出演バンドのトリ候補にJuliusがあがっている。

 

「他のバンドについてはまだエントリー待ちですが、是非Juliusの皆さんにトリをお願いしたいのですが」

そう言って悠子はじっと拓未を見据えた。

 

「なんでまた俺らなの?」

『学校内のバンドなら他にもいるだろう?』拓未はそう言いたげな顔で書類から悠子に視線を移した。

 

「それはJuliusの皆さんが人気があると評判なので出て頂けるのでしたら人が集めやすいかと」

 

「ようするに俺らは“客寄せパンダ”って事ね?」

拓未は苦笑いした。

 

「ぶっちゃけ、そうです」

悠子はしれっとした顔で言うと、

「……で、どうですか? 出て頂けますか?」

返答を訊いてきた。

 

「まぁ、ライブをやらせて貰えるのは嬉しいし、俺は断る理由が見つからん」

拓未はそう言って他のメンバーの反応を待った。

 

「んー、俺も断る理由がないな」

「俺もない」

准も智也も同じ意見だ。

 

「……俺も一緒」

そして黙っていた和磨もようやく口を開いた。

 

「それでは出演決定でよろしいですか?」

悠子は拓未に最終確認をとった。

 

「うん、いいよ」

 

「ありがとうございます。では、その書類は差し上げますので、お持ちになっててください」

 

「ん」

 

「また、何かありましたらその都度ご連絡します」

そう言って悠子は静かに立ち上がった。

 

「じゃ、よろしく」

拓未もそう言って立ち上がり、他のメンバーと生徒会室を後にした――。

 

 

     ◆  ◆  ◆

 

 

Juliusのメンバーは緊急ミーティングの為、四人でファーストフードに向かっていた。
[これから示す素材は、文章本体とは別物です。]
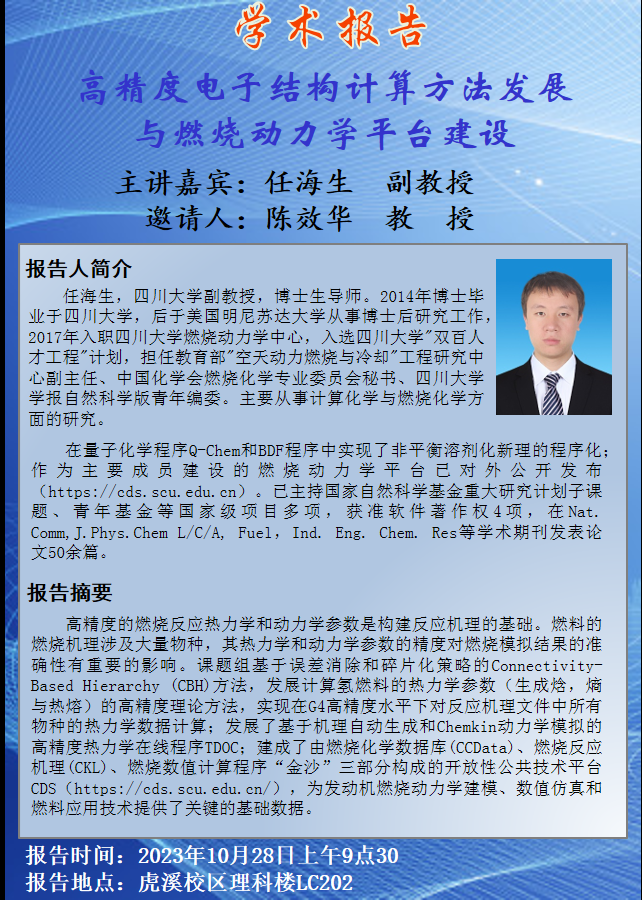 高精度电子结构计算方法发展与燃烧动力学平台建设

和磨はその途中で、一緒に帰る約束をしていた唯に緊急ミーティングが入ったとメールを打っていた。

すると、唯の方から先にメールが来た。

 

唯からの電話とメールは着信音を変えてあるのですぐにわかる。

もちろん、こんなマメな事は以前はやっていなかった。

和磨は打っていたメールを中断し、唯からのメールを開いた。

 

−−−−−−−−−−

香奈達と緊急ミーティングを

する事になったから先に帰るね。

詳しい事は後で。

ごめんね。

−−−−−−−−−−

 

(緊急ミーティング? しかも上木さん達とって……?)

和磨が不思議に思っていると、拓未にも香奈から同じ様な内容のメールが届いたのか、

「おい、和磨。香奈と唯ちゃん、なんかやってんのか?」

怪訝な顔をしながら訊いてきた。

 

「いや、知らん」

和磨にもさっぱりわからない。

 

「まぁ、急になんかやる事になったのかもな」

そう言って拓未はメールの返事を打ち始めた。

和磨も唯にメールの返事を打つ。

 

−−−−−−−−−−

こっちも緊急ミーティングが

入ったから気にしなくていいよ。

−−−−−−−−−−

 

送信ボタンを押してメールを返した後、丁度ファーストフードについた。

 

(あれ?)

店内に入ると唯と香奈、他に三人女の子がいた。